Learned counsel for the respondent has submitted that the matters herein are the same matters that were presented to court and on which judgment has been pronounced; that the matter is therefore res judicata.
I have accepted this submission. The law is clearly on the respondent’s side. In my view the evidence adduced by the applicant in the affidavit in support of the application and the circumstances surrounding the consent judgment do not support the prayers herein. What the applicant is indirectly praying for in the instant application is an order to set aside the consent judgment or else vary its terms.

Setting aside a consent judgment is not a simple task. The reason is not difficult to discern. It is to be found in the rule of Sanctity of contracts. Courts are very reluctant to interfere with agreements or contracts freely entered into by the parties. There are several authorities on this point and if any is required, Brooke Bond Liebig (T) Ltd Vs Mallya [1975] EA 266 is a good example. The court held in that case that consent judgment may only be set aside for fraud, collusion or for any reason which would enable court to set aside an agreement.
And in Hirani Vs Kassam (1952) EACA 133 The Court of Appeal for Eastern Africa held:
Prima facie, any order made in the presence and with consent of counsel is binding on all parties to the proceedings or action……..and cannot be varied or discharged unless obtained by fraud or collusion, or by agreement contrary to the policy of the court……or if consent was given without sufficient material facts or in misapprehension or in ignorance of material facts, or in general, for a reason which would enable the court to set aside an agreement”.
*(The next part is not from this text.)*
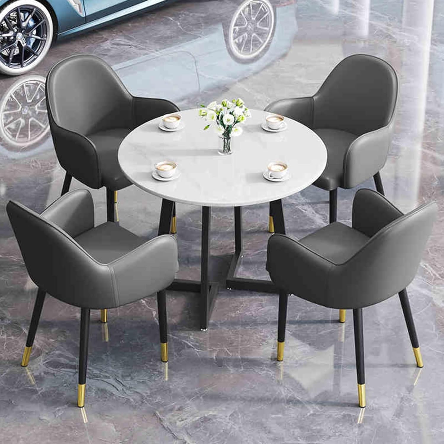 Product Name: Table and chair combinationColor Options: Light gray+gray, Orange+gray, Blue+gray, GrayFeatures: Simple, generous, space-saving designStyle: Simple and modernBracket Structure Material: Carbon SteelTable Shape: RoundDesk Top Material: Rock slabsTable Top Diameter Options: 80cm/31.4in, 90cm/35.4inTotal Chair Height: 82cm/32.2inApplicable Scenes: Office, coffee shop, tea shop, reception, restaurant, library, cinema, clothing store, maternal and child shop, living room, etc.Applicable Number: Suitable for 4 peoplePacking Method: Assembly requiredPacking List: 1*table, 4*chairs (decorations not included)️ Warm Tips:1. Size Description: Product measurements are done by hand and may have an error of 1-3 cm. Please refer to the received items for accurate sizing.2. Picture Description: Product images are real but due to lighting, angle, and display differences, slight color variations may occur. Thank you for your understanding.

It is my considered opinion that since consent judgment in HCCS No. 216 of 2002 is enforceable inter partes, until court declares it to be illegal or otherwise unenforceable, the applicant cannot go round it in the manner he has done herein. The consent judgment did not provide for payment of pension. If in the course of time the applicant has realized that all that he wished the consent judgment to include was not included, it was up to him to seek the respondent’s consent to review it or else file a fresh suit for appropriate reliefs. I am inclined to the view that the instant application for judicial review is not and cannot be any such fresh suit. I would also agree with the submission of learned counsel for the respondent that this matter is res judicata.

Finally, learned counsel for the applicant has submitted that the application is grounded on the provision of Article 254 of the Constitution which provides that:
a public officer shall on retirement receive such pension as is commensurate with his/her rank salary and length of service.
(ii)     The pension payable to any person shall be exempt from tax and shall be subject to periodic review to take account of changes in the value of money.
(iii)    The payment of pension shall be prompt and regular and easily accessible.

I think it is not in dispute that the Constitution provides so. However, this argument is neither derived from the notice of Motion nor from the applicant’s affidavit in support of his application. As the line up of issues for determination shows, it is not even among the issues for determination. The rule has long been established that a party is expected and is bound to prove the case as alleged by him and as covered in the issues framed. He will not be allowed at the trial to change his case or set up a case inconsistent with what he alleged in his pleadings except by way of amendment of pleadings: Inter freight Forwarders (U) Ltd Vs EADB [1994 – 95) HCB 54. In my view this argument about the applicant’s claim being grounded on the provisions of the Constitution is, with due respect to the applicant, intended to re-open HCCS No. 216 of 2002, which is not the purpose of judicial review.

In the premises and for the reasons I have endeavoured to give herein above, I have found no valid reasons to allow this application. I would disallow it with costs to the respondent and I so order.

Dated at Kampala this 3rd day of November 2010.